8 事件発生①
沈むソファーから背を離し、アイスコーヒーをテーブルに置く。そしてスマホを手にとって画面を見ていたら、小さなため息がもれた。
結構な時間を店で過ごしたかと思っていたが、集合時間はまだ先だ。気をつかう店員さんに少し店を案内してもらい商品を物色するも、コレと言ってめぼしい物はなかったし、デザインもぴんとこない。代わりにエンチャントするときに必要らしい消耗品をいくつか買ったが、それくらいだ。
……それにしても、暇だ。
辺りには春期休暇らしき数名の学生やサラリーマンやOLらしき人らが、各々何らかのドリンクを飲んでいる。ここが高級ホテルの隣のカフェだからだろうか、住んでる世界が違うような上品な人が多い。近くに座っている学生さんグループですら言葉遣いが丁寧だ。例えるなら辺りが制服やスーツを着ているのに、自分が私服を着ているような場違い感か。

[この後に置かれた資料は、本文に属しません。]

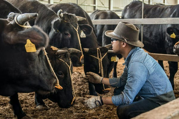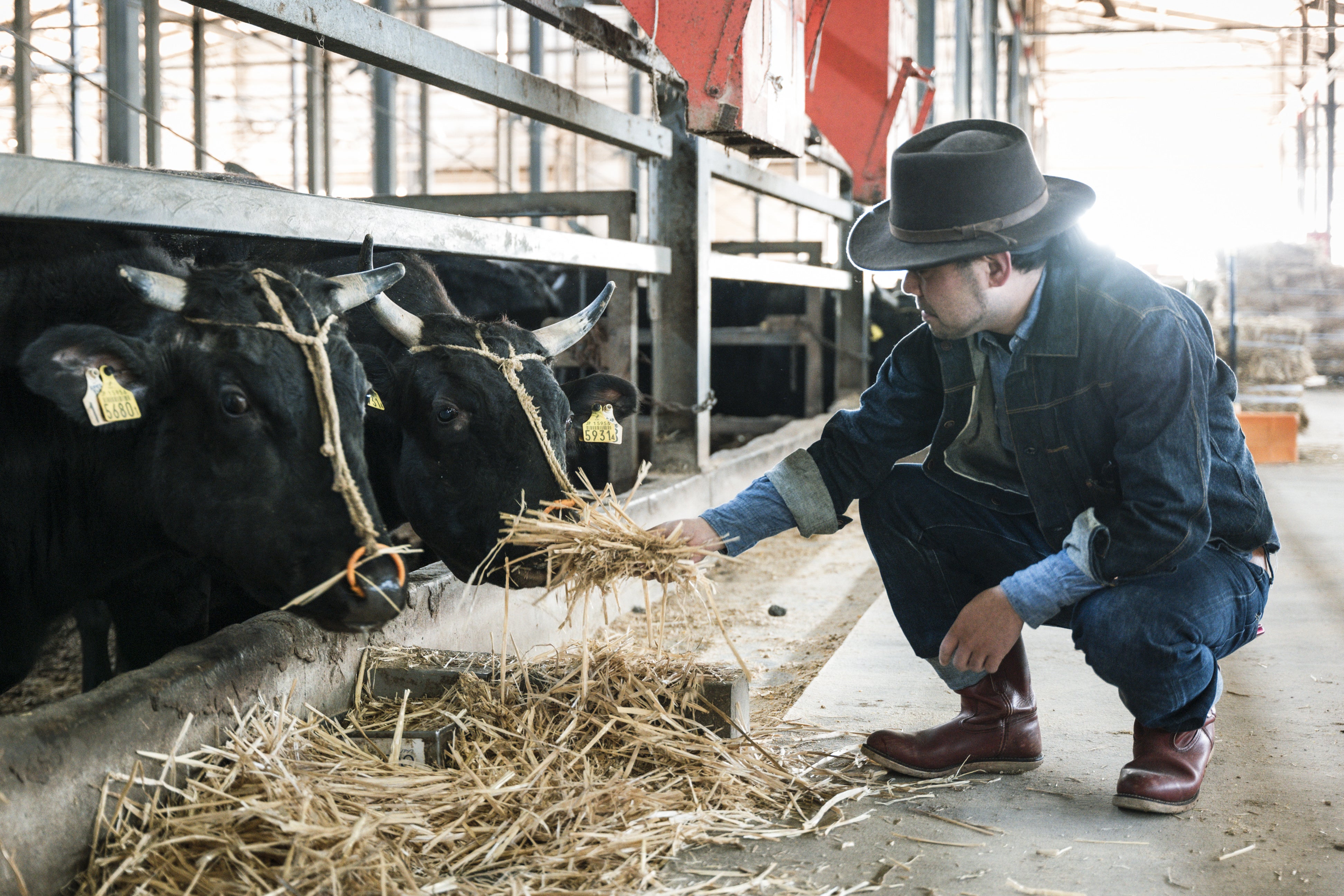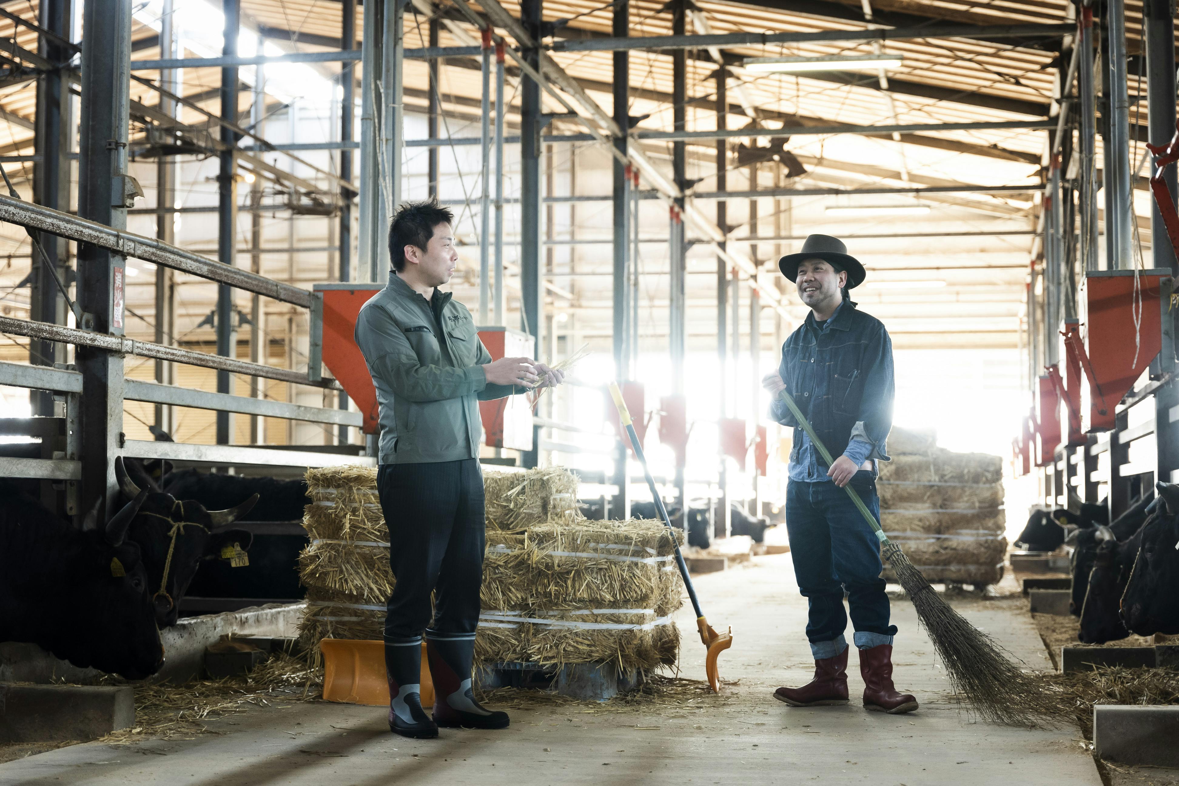 牛を観察し、クリエティブな思考を積み重ねる平林さん。長年の研究で和牛の伝統的な肥育方法に倣い、ヨーロッパにおける長期肥育の考え方を掛け合わせることで、自分が求める和牛を作ることができると考えています。

隣にいる男性外国人は仕事をしているのだろうか。大きな荷物をテーブルの下に置いてあり、机の上には今まで見たことないような文字がいっぱいに書かれた紙束が置かれていた。彼は眉間に皺を寄せ、紙をじっとみつめている。その隣の女性は、スマホを操作しつつ、文庫本を開いていた。彼女の前にあるドリンクはすっかり空のようだが、出て行く気配はない。
目の前のテーブルに視線を戻し、半分以上飲んだアイスコーヒーを見ると、またもやため息が出てきた。
時間がもったいないな。
魔法書でも持ってくれば良かったのだろうか。いやもう遅いか。すでに使いそうな本は全て送ってしまった後だ。であれば、今から買いに行こうか? それも良いかもしれない。アイスコーヒーを飲み終わったら、さっきの店に戻って立ち読みしよう。

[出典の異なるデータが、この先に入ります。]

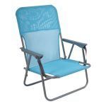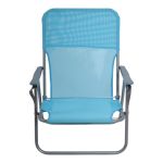 Καρέκλα παραλίας με ψηλή πλάτη, πτυσσόμενη, με μεταλλικό σκελετό διαμέτρου 18mm και επένδυση από ανθεκτικό ύφασμα textilene 1x1 σε γαλάζιο χρώμα. Διαθέτει μπράτσα και ιμάντα μεταφοράς για εύκολη μετακίνηση και αποθήκευση.
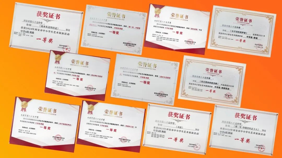 西安市第八十五中学现为陕西省艺术示范校,陕西省星光教育戏剧基地 ,音乐学院实习基地,师资强大、设备先进、管理到位、训练有方。学校现有音乐、美术专用教室(合唱、器乐、戏剧、舞蹈、书画、专业绘画、设计、艺术教学)12间,专职艺术教师6名,其中高级职称3名、其他3名年轻教师均为研究生学历,省级教学能手2名,市级教学能手2名,教学新秀1名,雁塔区新课程指导教师2名;1名西安市卓越型教师;1名陕西省优秀教学能手工作站站长,西安市骨干型教师,西安市学科带头人培养对象。

氷が溶けて薄くなったアイスコーヒーを胃に流し込むと、立ち上がってカフェから出た。
買い物はすんなりと終わり、一冊の錬金術書を抱え、さっきくつろいでいたカフェへの道を歩く。また来たのかと店員には思われるかもしれないが、集合場所はカフェ隣の高級ホテルロビーだ。他のカフェなんかに行くより移動が楽である。それにカフェは空調がしっかり効いていて過ごしやすい上に、座り心地の良いソファがある。無論飲み物だって美味しい。コーヒー一杯に千円取られるのだが。
日本に居た頃の俺ならば、絶対に利用しないであろう高級店だ。昔なら出せても八百円までだし、近寄ることのない場所の一つだったろう。しかし今の俺は少し立場が違う。
「花邑帝都ホテル、か……」
目の前に見えるのはそびえ立つ白銀のビル。それは辺りのビルと比べても頭一つ抜けて大きい。富裕層に向けて作られたそのホテルは、煌びやかで近代的でありながら自然とも調和している。ビル横にある美しい庭園の維持には、一体いくらの金が飛んでいるのだろう。
「花邑グループ、ね」
花邑グループといえば魔法界と政財界の重鎮であり、会長の声は政府にすら影響があるらしい。花邑毬乃は家を出たものの、花邑家の一員であることに間違いはない。そして魔法界を背負って立つ一人だ。魔法の実力はもちろん、魔法界での権力もあり、そして膨大な資産をもっている。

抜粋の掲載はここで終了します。